I used to be similar - caught up in 'the rules of being Christian'. Always at Church - twice on a Sunday. Always at Bible study, at youth group, at all the Christian gatherings. I used to listen to a majority of Christian music and hang out with mainly Christian people. I saw the world as black or white - if you're gay, you're wrong. If you're pregnant without being married, you're wrong. If you have an abortion, you're wrong. If you swear or laugh at rude jokes - you're wrong. If you follow a different religion or God forbid - are an athiest - then you're definitely wrong. There was so much that in my head was either "wrong" or "right" that I had no compassion for the many that live in the blurry in-betweens of life. For the girl that got raped and that's why she's pregnant and not married. For the man who knows he's attracted to young children (oh my word, it is so hard for me to write this) and he's angry with himself and hurting and doesn't know what else to do. These are the people we need to show love to. I believe this is what God truly wants. Not regular church attendance. Miss Church, but offer a meal to a homeless person. Skip Bible study, but spend the afternoon babysitting you friends' children so she can have a bath without being interupted. That's what I think being a true follower of Christ is.
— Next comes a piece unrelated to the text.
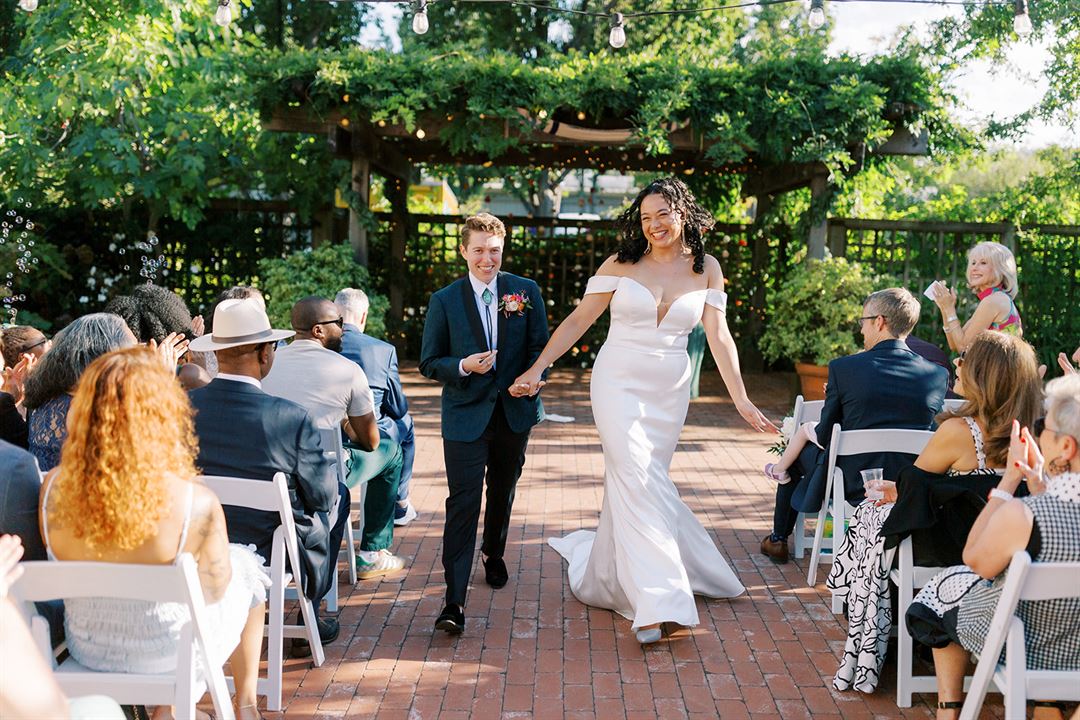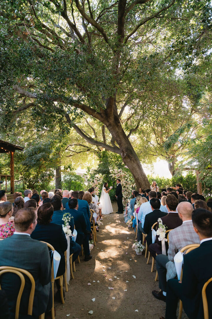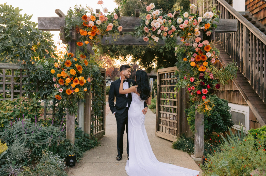Second — the venue is really ideal for a wedding ceremony and reception. Cute, cozy, and private, with lots of flowers and very light touch needed on any additional decor. The area in the back with a few tall trees made for stunning golden hour photos. It was one of those places where you can walk in and just instantly feel, “this is it” — and that’s how it was for us. Our guests loved it, too! We had a ton of glowing comments about our choice of venue. That made us so happy.

I had to fall far to learn. I had to be an adultress and leave my first husband for a guy who didn't even think that much of me to find out that there is an in between of black/white/right and wrong - there's actually a world of grey out there. When I was in that pit - knowing I'd cheated on Jon and feeling really alone and lost - it was the Christians - and especially the non Christians - who loved me through it all that made a huge difference in my life.
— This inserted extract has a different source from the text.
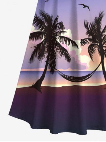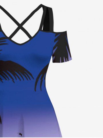 Robes Graphiques > Plus Size Coconut Tree Bird Cloud Hammock Print Cold Shoulder Crisscross Hawaii Maxi Dress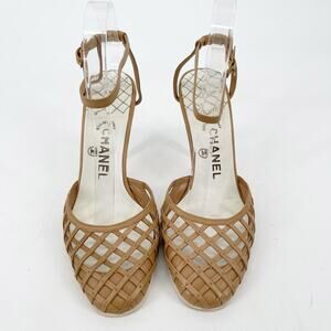 Chanel Vintage Retro Camel Tan Leather Woven Lattice Ankle Strap Heels EU 38

I changed in that year, you guys. I opened my heart and my mind to the possibility that maybe we should love those around us regardless of whether they attend Church or not. Now...I laugh at dirty jokes, I have loads of friends of different religions, I don't judge anyone and I'm pretty curious about sex and what it involves. I have dropped the ocassional f-bomb. I end up in what my friend Megan and I will probably refer to as "gutter talk" because totally innocent conversations in the kitchen end up being about strippers, what a Hooters waitress should look like (lol) and butt plugs. (Okay. Don't ask. I won't either. I don't actually want to know about that). I have found that when I allow myself to laugh at something not entirely holy - it allows the person I'm with to let their guard down. We laugh. We talk - like really talk, then. The people I have a 'cheeky chuckle' with are surprised I've not done the sign of the cross in their face and called them "sinner" at the top of my lungs. They open up. A real connection is made and I can love them by being kind, compassionate, caring and someone they can relate to.
I truly think this is something that makes God happy.
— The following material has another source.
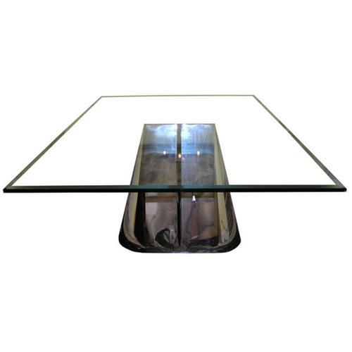 </font></strong>This is the Pinnacle Table designed by J. Wade Beam for Brueton. This classic modern design features a polished stainless steel conical center pedestal intersected by 3/4" thick glass in a semicircular plane. The top is 3/4" thick glass with a 1" beveled edge. Measures 78" (6.5') long by 48 (4') wide by 29" high. This table has a list price of $17,599 and is currently offered by Brueton dealers for as low as $11,735. Condition is good. There are various light scratches on the table top, and a chip from the underside of one corner and a flake chip from the underside of the edge on one end. There are no dents or deep scratches to the pedestal, but numerous light scratches. We suspect a thorough polishing of the base will hide or remove many of these light scratches.

I look back on my years of Youth work in Liverpool alongside Jon and I think back to the first few years when I just wanted every youth we came across to be "saved" and to be a perfect teenager. I think my youthwork was effective and yes, we got a lot of the Bible out into communities...but when I started laughing with the youth, winking at them, giggling about boys with Becci and Stacey, teasing Marc about hiding Olivia under his bed...talking to the girls about condoms and how 'tricky' they are to use "oh the embarassment"...that's when the real work began. That's when youth told me about their families, their fears, their hopes and their dreams. I stopped being a youth pastor and I started being a friend.
And I wouldn't change that for the world.
So to anyone gay out there - I reckon we should go out for pancakes :) To anyone who had to make some really tough choices and give up her baby, I would love to see a movie with you. To the person who fell to temptation and gave in to the herion addiction - do you like cheeseburgers? Want to come out with me for an hour and just talk?
That's the person I am now. Not religious at all...but definitely a 100% follower of Christ.